Blog / Lettere | 05 Giugno 2017

Le Lettere di Silvia Fabiola – Sapore di sale, sapore di mare

Ci sono notizie e notizie, di questo riflettevo in questi giorni chiacchierando tra Silvia e Fabiola . Silvia diceva che la vita è una cosa meravigliosa,  lo diceva mentre sniffava i fiori assieme alla polvere alzata dai cani che si divertono a maciullare la terra con tutti i semi,polvere  che comunque ha un odore strano, evoca morti seppelliti e calli di contadini, nascite improvvise di piante inaspettate e discariche di feci di tutti i tipi.  L’alba rende  le riflessioni dalle maniere troppo arroganti,  sono ancora mescolate ai sogni e le idee nascono e muoiono nel giro di pochi minuti esattamente come le luci del cielo  che lottano per prevalere sulla notte. Da bambina ogni tanto sentivo dei cori strani provenire da est all’alba. Non ho mai capito cosa fossero esattamente, ma mi piacevano.  A volte provenivano da nord ma di questi cori ne conoscevo l’origine, sono i tremori dell’Etna che fanno rotolare i sassolini sui tetti rubando la scena ai gatti in amore.
Quella parte di me si meraviglia ogni giorno pur guardando tutto dalla stessa prospettiva,  gli alberi, le case,  le stelle, le cose scontate che vedo e che le pupille immagazzinano ed elaborano assieme al cuore.
L’altra parte, Fabiola,  è quella che fischietta per strada mentre va al bar a prendere un caffè e  si rulla una sigaretta davanti ad un giornale. Il giornale cartaceo ha sempre il suo fascino, specie all’alba. Sa di città che si sveglia sotto una coltre d’inchiostro, di lavoro notturno,  di  ultime considerazioni prima di mollare l’articolo definitivamente che andrà per la sua strada.

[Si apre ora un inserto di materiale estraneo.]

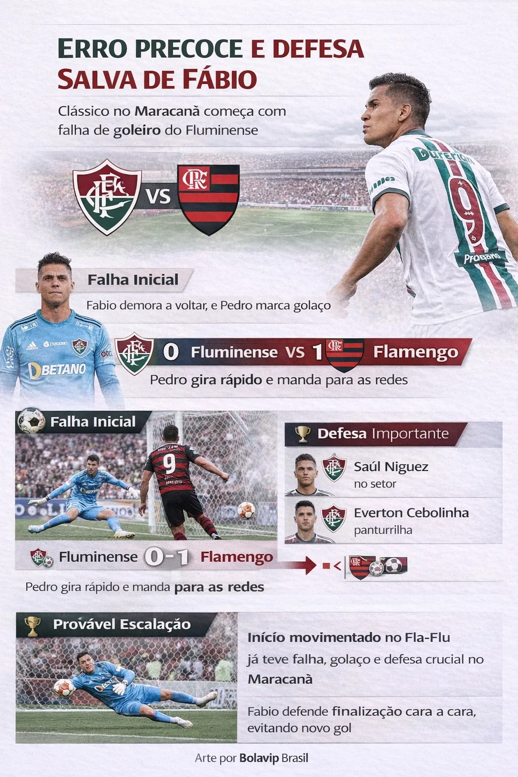 O clássico entre Fluminense e Flamengo, no Estádio do Maracanã, começou movimentado e com lance decisivo logo nos primeiros minutos. O goleiro Fábio demorou a retornar ao gol e acabou sendo surpreendido por Pedro, gerando críticas imediatas da torcida tricolor.

E così leggo di altre prospettive che non hanno lo stesso sapore delle mie, che non odorano di terra e fiori , cacca di cani e piccioni, nè di vermi e calli.  Prospettive che hanno  occhi diversi dai miei certo, per fortuna o per disgrazia a seconda della prospettiva di chi vive,  e di chi legge di chi vive. O muore. O vive morendo e muore vivendo. Sanno di creme solari e tette al vento, di canzoni allegre  e balletti diretti da un animatore che insegna il divertimento a grappolo e rende tutti felici seppellendo sapientemente  il rumore  dei morti ed i cori dei vivi che si meravigliano anche loro di qualcosa. Di esser vivi generalmente. Come i due fratellini vivi di tre e quattro anni che hanno visto morire la mamma inghiottita dal mare  qualche giorno fa, e che piangevano in braccio ai soccorritori   tra  l’indifferenza dei trentatre morti e della folla di vivi stordita dello stordimento di chi si è appena svegliato da un incubo. Tra i vivi si distinguevano le nazionalità a seconda del colore della pelle, e dai piedi. Quelli con le scarpe erano più chiari  mentre quelli senza scarpe avevano la pelle scura.
Preferisco il quotidiano cartaceo io,  che a volte  sa di giornalista  in lacrime mentre scrive e di caffè e sigaretta di chi legge  , anelli di fumo e aria tiepida che agita i fogli. E  di silenzio.
Poi, son tornata a casa ed ho acceso il pc. Tra le varie notizie di cani randagi, leggi elettorali, imbrogli e sbrogli, vincite di partite ed incendi di cassonetti ho scorto la stessa notizia che avevo letto al bar ma scritta come si scrive su un pezzo di  marmo. Sotto qualcuno aveva commentato  “rimandateli indietro, non è merce nostra”.